• **EXERCISE OBJECTIVE**
Do not include the pictures; repeat the rest of the data exactly.

====== DATA SHOWN

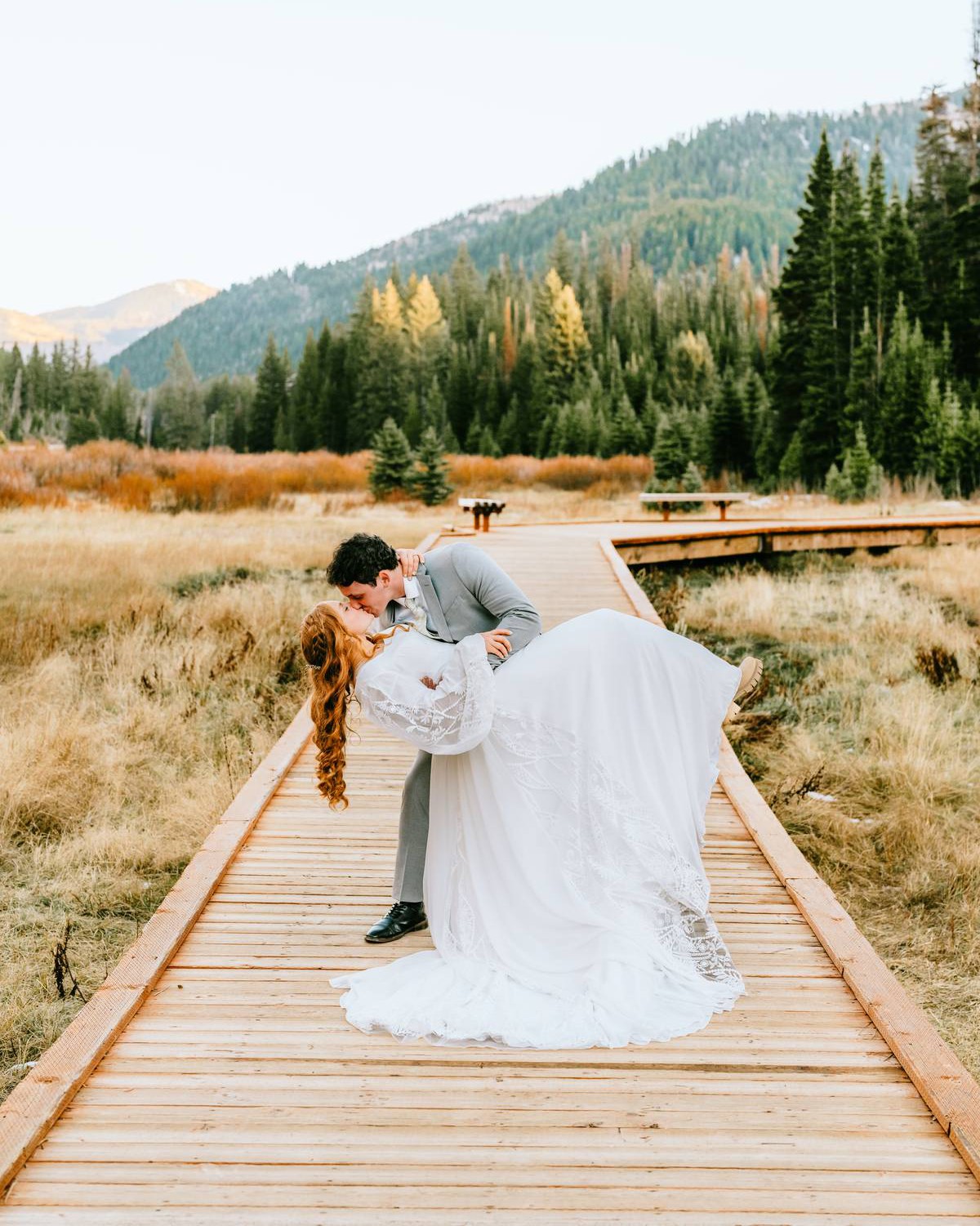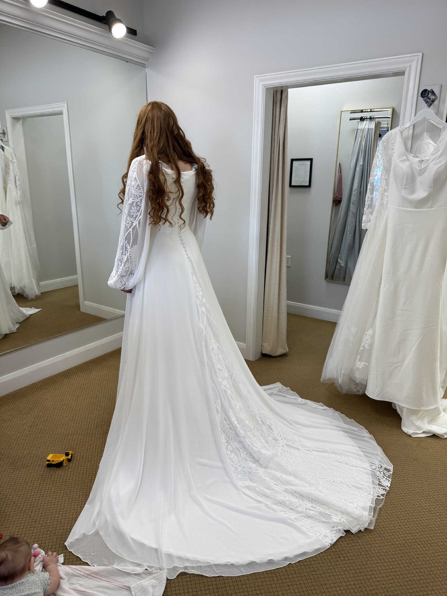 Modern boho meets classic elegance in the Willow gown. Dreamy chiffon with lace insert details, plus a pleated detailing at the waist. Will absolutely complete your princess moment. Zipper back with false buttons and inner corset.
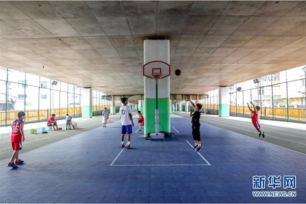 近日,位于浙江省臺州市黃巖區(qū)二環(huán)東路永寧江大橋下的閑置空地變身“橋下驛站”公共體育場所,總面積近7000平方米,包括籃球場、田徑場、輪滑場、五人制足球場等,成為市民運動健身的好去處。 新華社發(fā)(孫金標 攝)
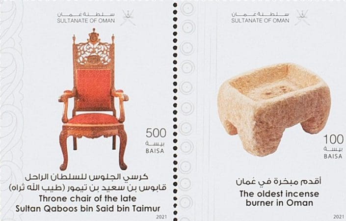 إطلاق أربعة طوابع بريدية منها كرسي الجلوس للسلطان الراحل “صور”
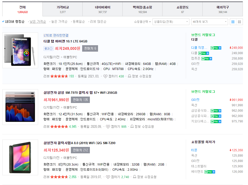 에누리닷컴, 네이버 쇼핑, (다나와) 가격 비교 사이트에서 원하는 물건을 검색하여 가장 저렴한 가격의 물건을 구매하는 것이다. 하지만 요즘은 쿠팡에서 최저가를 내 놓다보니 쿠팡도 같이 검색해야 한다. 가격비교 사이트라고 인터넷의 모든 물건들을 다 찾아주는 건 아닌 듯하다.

============

• **ANSWER AREA**
 Modern boho meets classic elegance in the Willow gown. Dreamy chiffon with lace insert details, plus a pleated detailing at the waist. Will absolutely complete your princess moment. Zipper back with false buttons and inner corset.
 近日,位于浙江省臺州市黃巖區(qū)二環(huán)東路永寧江大橋下的閑置空地變身“橋下驛站”公共體育場所,總面積近7000平方米,包括籃球場、田徑場、輪滑場、五人制足球場等,成為市民運動健身的好去處。 新華社發(fā)(孫金標 攝)
 إطلاق أربعة طوابع بريدية منها كرسي الجلوس للسلطان الراحل “صور”
 에누리닷컴, 네이버 쇼핑, (다나와) 가격 비교 사이트에서 원하는 물건을 검색하여 가장 저렴한 가격의 물건을 구매하는 것이다. 하지만 요즘은 쿠팡에서 최저가를 내 놓다보니 쿠팡도 같이 검색해야 한다. 가격비교 사이트라고 인터넷의 모든 물건들을 다 찾아주는 건 아닌 듯하다.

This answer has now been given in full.